And your failure to respond to questions I raise is what, exactly?

Apart from hypocrisy, that is.
date: Fri, 19 Sep 2008 16:42:52 +0100   author:   Terry Fields lid

Re: Calculating your carbon footprint - a load of bollocks   
Terry Fields wrote:
> Roger wrote:
> 
>> The message 
>>from Terry Fields <no.spam.here@thanks.invalid> contains these words:
>>>>> The guys quotes sourced data, with no mainpulation. Roger wanted data
>>>>> and he got it in spades.
>>>> I got a lot of bullshit from a charlatan which I haven't time to go into
>>>> in detail right now and judging by other responses I was right not to
>>>> take it as gospel. Wikipedia is a much safer source. :-)
>>> I take it then that although none of the particular points that I
>>> quoted has been challenged, either on the group or by the baying mob,
>>> that means  nothing. Character assassination is, apparently,
>>> everything.
>>> Well done on the Ostrich Approach to the Uncomfortable.
>> As I said before there are none so blind as those who will not see. 
>>
>> As is often the case on Usenet you are trying to discredit your
>> opposition by ascribing to them the tactics you yourself are using.
>>
>> I took issue with several of the more obviously suspect points. On that
>> you have so far exercised your right to silence. 
> 
> And your failure to respond to questions I raise is what, exactly?
> 
> Apart from hypocrisy, that is.

Economy and efficiency: no one responding here agrees with you - in fact 
all you have succeeded in doing is unearth yet more evidence that 
strengthens the case against your view..

Ero, you are no longer even interesting.
date: Fri, 19 Sep 2008 17:52:36 +0100   author:   The Natural Philosopher a@b.c

Re: Calculating your carbon footprint - a load of bollocks   
The Natural Philosopher wrote:

>Terry Fields wrote:
>> Roger wrote:
>> 
>>> The message 
>>>from Terry Fields <no.spam.here@thanks.invalid> contains these words:
>>>>>> The guys quotes sourced data, with no mainpulation. Roger wanted data
>>>>>> and he got it in spades.
>>>>> I got a lot of bullshit from a charlatan which I haven't time to go into
>>>>> in detail right now and judging by other responses I was right not to
>>>>> take it as gospel. Wikipedia is a much safer source. :-)
>>>> I take it then that although none of the particular points that I
>>>> quoted has been challenged, either on the group or by the baying mob,
>>>> that means  nothing. Character assassination is, apparently,
>>>> everything.
>>>> Well done on the Ostrich Approach to the Uncomfortable.
>>> As I said before there are none so blind as those who will not see. 
>>>
>>> As is often the case on Usenet you are trying to discredit your
>>> opposition by ascribing to them the tactics you yourself are using.
>>>
>>> I took issue with several of the more obviously suspect points. On that
>>> you have so far exercised your right to silence. 
>> 
>> And your failure to respond to questions I raise is what, exactly?
>> 
>> Apart from hypocrisy, that is.
>
>Economy and efficiency: no one responding here agrees with you - in fact 
>all you have succeeded in doing is unearth yet more evidence that 
>strengthens the case against your view..
>
>Ero, you are no longer even interesting.

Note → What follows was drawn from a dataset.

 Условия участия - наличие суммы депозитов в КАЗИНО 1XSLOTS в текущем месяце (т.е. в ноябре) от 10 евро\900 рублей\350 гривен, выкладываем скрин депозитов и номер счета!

I didn't come on here to talk about this to be popular. I came on here
to discuss the issues of the myth of AGW. 

I have presented data.....no-one has countered that data.

I posed questions....they remain unanswered.

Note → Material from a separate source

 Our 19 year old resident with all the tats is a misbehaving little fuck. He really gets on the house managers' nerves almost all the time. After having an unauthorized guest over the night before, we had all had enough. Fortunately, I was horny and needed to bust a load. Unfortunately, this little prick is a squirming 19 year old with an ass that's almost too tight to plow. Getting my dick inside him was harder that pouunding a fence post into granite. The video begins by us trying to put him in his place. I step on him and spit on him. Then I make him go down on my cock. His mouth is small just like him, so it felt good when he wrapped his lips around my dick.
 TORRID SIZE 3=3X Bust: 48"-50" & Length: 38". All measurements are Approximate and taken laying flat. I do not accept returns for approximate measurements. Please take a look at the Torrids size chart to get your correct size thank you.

There has been, though, a range of opinions expressed, which even you
will recognise is not data.
date: Fri, 19 Sep 2008 18:48:29 +0100   author:   Terry Fields lid

Re: Calculating your carbon footprint - a load of bollocks   
On Fri, 19 Sep 2008 18:48:29 +0100 someone who may be Terry Fields
<no.spam.here@thanks.invalid> wrote this:-

>I didn't come on here to talk about this to be popular. I came on here
>to discuss the issues of the myth of AGW. 

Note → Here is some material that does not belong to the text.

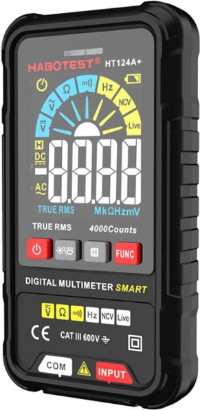 De compacte digitale multimeter HABOTEST HT124A+ is een betrouwbare hulp voor zowel thuis als professioneel meten. Hij biedt True RMS, nauwkeurige meting van AC/DC-spanning, weerstand en frequentie, en beschikt over NCV contactloze spanningsdetectie, Live Test, praktische displayverlichting en een zaklamp. Dankzij het overzichtelijke grote display en de eenvoudige bediening is hij ideaal voor snel en veilig testen.

And so far you have failed spectacularly to demolish the work if the
IPCC, Royal Society, Meteorological Office, scientists on
realclimate and so on.

>I have presented data.....no-one has countered that data.

Incorrect.

Do keep it up though. The best way to convince people of the reality
of climate change is to let the deniers present their views.



-- 
  David Hansen, Edinburgh 
 I will *always* explain revoked encryption keys, unless RIP prevents me
 http://www.opsi.gov.uk/acts/acts2000/00023--e.htm#54
date: Sat, 20 Sep 2008 09:48:33 +0100   author:   David Hansen

Re: Calculating your carbon footprint - a load of bollocks   
David Hansen wrote:

>On Fri, 19 Sep 2008 18:48:29 +0100 someone who may be Terry Fields
><no.spam.here@thanks.invalid> wrote this:-
>
>>I didn't come on here to talk about this to be popular. I came on here
>>to discuss the issues of the myth of AGW. 
>
>And so far you have failed spectacularly to demolish the work if the
>IPCC, Royal Society, Meteorological Office, scientists on
>realclimate and so on.
>
>>I have presented data.....no-one has countered that data.
>
>Incorrect.
>
>Do keep it up though. The best way to convince people of the reality
>of climate change is to let the deniers present their views.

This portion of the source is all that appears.